To jest tylko wersja do druku, aby zobaczyć pełną wersję tematu, kliknij TUTAJ


Powrót z gwiazd - Koty, psy i inni pierzasto-futrzaści ulubieńcy.

Jezebel - 22 Wrzeœśnia 2013, 10:38

Magnis napisał/a
Jezebel tak się Ciebie jeszcze zapytam. Na pierwszym zdjęciu siedzą oba na półkach wśród książek. Lubią sobie czasami z Tobą poczytać czyli jak coś czytasz przychodzą :wink: ?
Widziałem takie już zdjęcia z książką i stąd moje pytanie.

Pewnie, kładą się wtedy obok, na mnie lub na książce :P Ten ostatni wariant oczywiście uskuteczniają najczęściej.
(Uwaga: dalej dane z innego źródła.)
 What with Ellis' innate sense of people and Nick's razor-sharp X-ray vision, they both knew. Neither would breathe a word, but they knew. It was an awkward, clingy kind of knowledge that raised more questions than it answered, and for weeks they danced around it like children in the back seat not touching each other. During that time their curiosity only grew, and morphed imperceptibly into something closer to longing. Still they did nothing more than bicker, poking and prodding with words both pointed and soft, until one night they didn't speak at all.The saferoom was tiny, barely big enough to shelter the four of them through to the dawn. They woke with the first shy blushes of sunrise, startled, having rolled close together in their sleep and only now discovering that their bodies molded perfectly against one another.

Martva - 22 Wrzeœśnia 2013, 21:20

ihan, sąsiadka odczytała numer i dzwoniła po różnych miejscach, gołąb okazał się być młodym rzeszowianinem. Posiedział parę dni, pojadł pszenicy, zabrudził mi nieodwracalnie parapet od warsztatu, a po paru dniach odleciał (tak jak mówili gołębiarze przez telefon) albo coś go zżarło.
charande - 22 Wrzeœśnia 2013, 21:36

Kocica ostatnio lubi do mnie przychodzić rano do łóżka. Zawsze rano. Kładzie się obok i mruczy, czasem mnie liźnie po ręku, czasem chwyci pieszczotliwie ząbkami. Odczytuję to jako zawoalowaną sugestię "no, wstawaj już i daj mi jeść" :)
Godzilla - 22 Wrzeœśnia 2013, 22:11

Moja kota na pierwsze oznaki życia (jeszcze po ciemku) włazi mi do łóżka, układa się koło poduszki i mruczy. Zza okna dobiega tymczasem cienkie, żałosne "miauuuu" rudaska sąsiadki. Niech całe osiedle wie, że jestem wstrętna i nieużyta, i taki piękny kot marnuje mi się na parapecie. Jak ktoś się wreszcie zwlecze, pokręci po domu i otworzy drzwi na balkon, rozlega się jeszcze głośniejsze "miauuuu" i tupot kocich łap niczym kopyt kawalerii. Kawaleria jedzie zdobywać miskę z chrupkami. Jak ta sąsiadka to robi, że jej kot umie tak artystycznie miauczeć na moim oknie?
morham - 23 Wrzeœśnia 2013, 06:16

Godzilla napisał/a
Moja kota na pierwsze oznaki życia (jeszcze po ciemku) włazi mi do łóżka, układa się koło poduszki i mruczy. Zza okna dobiega tymczasem cienkie, żałosne miauuuu rudaska sąsiadki. Niech całe osiedle wie, że jestem wstrętna i nieużyta, i taki piękny kot marnuje mi się na parapecie. Jak ktoś się wreszcie zwlecze, pokręci po domu i otworzy drzwi na balkon, rozlega się jeszcze głośniejsze miauuuu i tupot kocich łap niczym kopyt kawalerii. Kawaleria jedzie zdobywać miskę z chrupkami. Jak ta sąsiadka to robi, że jej kot umie tak artystycznie miauczeć na moim oknie?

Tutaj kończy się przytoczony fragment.